For the next month or two, we’ll be taking a look at the players who made the Los Angeles Kings’ 2016-17 season what it was: a crushing disappointment that got people fired an up-and-down journey which managed to be both unusual and familiar. Rather than the good-bad-future-grade format we’ve used in past seasons, we’ll ask a crucial question and answer it using it what we saw this year.

Will Trevor Lewis be a Los Angeles King for life?

On the morning of June 11, 2012, I was two days into a weeklong stay in Salt Lake City, Utah and I was FREAKING. OUT. The Los Angeles Kings were one win away from their first Stanley Cup and I had no clue where to watch the game. I had found a few other Kings fans at the conference I was attending, and we ultimately settled on the Lucky H Bar & Grill. At lunch, we asked the bartender if he would allow us to watch game six uninterrupted that night and he agreed. Awesome.

Fifteen minutes before game time, our hodgepodge crew of six rolled into the Lucky H ready to watch LA Kings history. Problem was, the bar was filled with business types in golf attire watching some PGA event from Australia (maybe New Zealand) on the big screen. Even worse, the bartender who promised us that very television was gone, replaced with what appeared to be a fifteen-year-old of eastern European descent. In a panic, I rushed to the new bartender and explained our situation: A group of thirty to forty somethings desperate to watch an ice hockey game that no one else in the bar even knew of, let alone cared for.

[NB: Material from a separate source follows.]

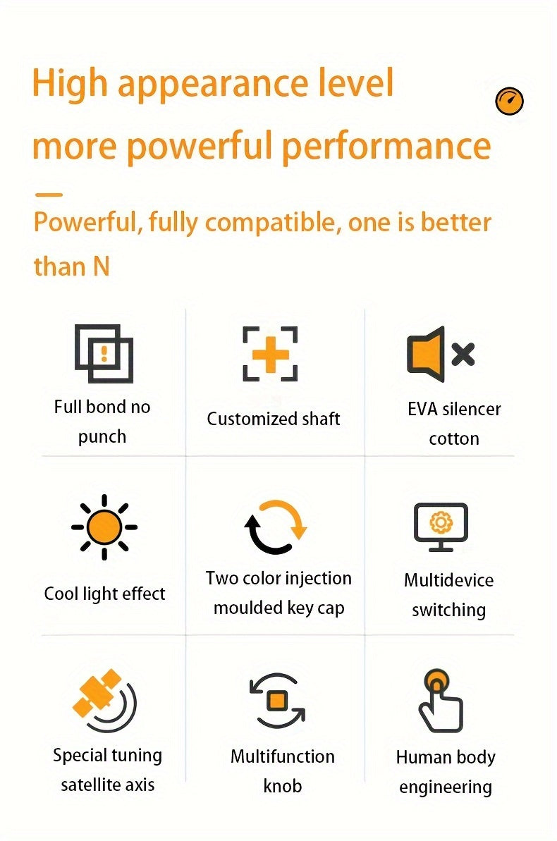• Vibrant Yellow LED Backlight: Featuring customizable lighting effects with approximately 16 backlight modes, including both static and dynamic options for a cool visual experience. Easily switch lighting effects with Fn + Ins, and adjust brightness and speed with Fn + ↑ ↓ ← → keys.

What happened next will stay with me forever. The bartender, and really, he looked like a kid, grabbed the remote and flipped the big screen from golf to coverage of game six. Immediately the crowd around the bar started to voice their objections with raised hands and voices. “No!” shouted the kid, “No! No more golf! Tonight, we watch hockey!” And with that the business types quieted down, resigned to their fate of an evening of hockey on the big screen.

Turns out, the “kid” was originally from Kosovo, Serbia, and was adopted by a Mormon family during the chaos of the Kosovo War. Apparently, he carried his childhood interest in ice hockey with him to Salt Lake City, and so was well aware of the legend that was Trevor Lewis, hometown hero (seriously click the link, the headline is so Utah). When Lewis scored the third goal of game six, all of us, “kid” included, went bananas.

For the salary cap era Los Angeles Kings, Trevor Lewis ranks in my mind with Brown, Kopitar, Quick, and Doughty in terms of emotional attachment by the fan base. He is a fixture in the Los Angeles community, embraces being a King, provides source material for memes, and scores big – and often thoroughly unexpected – goals.

Would the Kings want Trevor Lewis to retire as a King? I do not see why not. He is coming off the second most productive season of his career (with a career high in goals) and his underlying numbers remain strong, not to mention his leadership in the locker room. His current contract has three years remaining at 2 million AAV and will carry him through age thirty-three. If he is looking to play beyond that point, I think both he and the organization would work to make it happen.

The question, however, is not if we WANT Lewis to be a King for life (the answer is yes, and I will fight all those opposed) but rather IF he will remain one. That, however, is a very big if and is entirely in the hands of George McPhee and the Vegas Golden Knights, with a decision coming tomorrow morning at 7:00 am.

Of all the players the LA Kings left exposed in the expansion draft, Lewis is one of three most likely to be claimed by the Golden Knights. There are valid reasons for the Knights not to draft Lewis – his contract, his age, his propensity to miss wide-open nets – but there are just as many to draft him. He contributes quality minutes on the ice, has two Stanley Cups to his record, and is not shy about helping members of his community in need. For an organization looking to establish an identity in a diverse community, Trevor Lewis is a marketable commodity with a compelling life story.

So, will Trevor Lewis be a Los Angeles King for life? My gut tells me that George McPhee recognizes his value and scoops him up, driving another dagger into the heart of 2012. My heart, however, is holding out hope for a Lewis retirement ceremony at Staples in the not too distant future.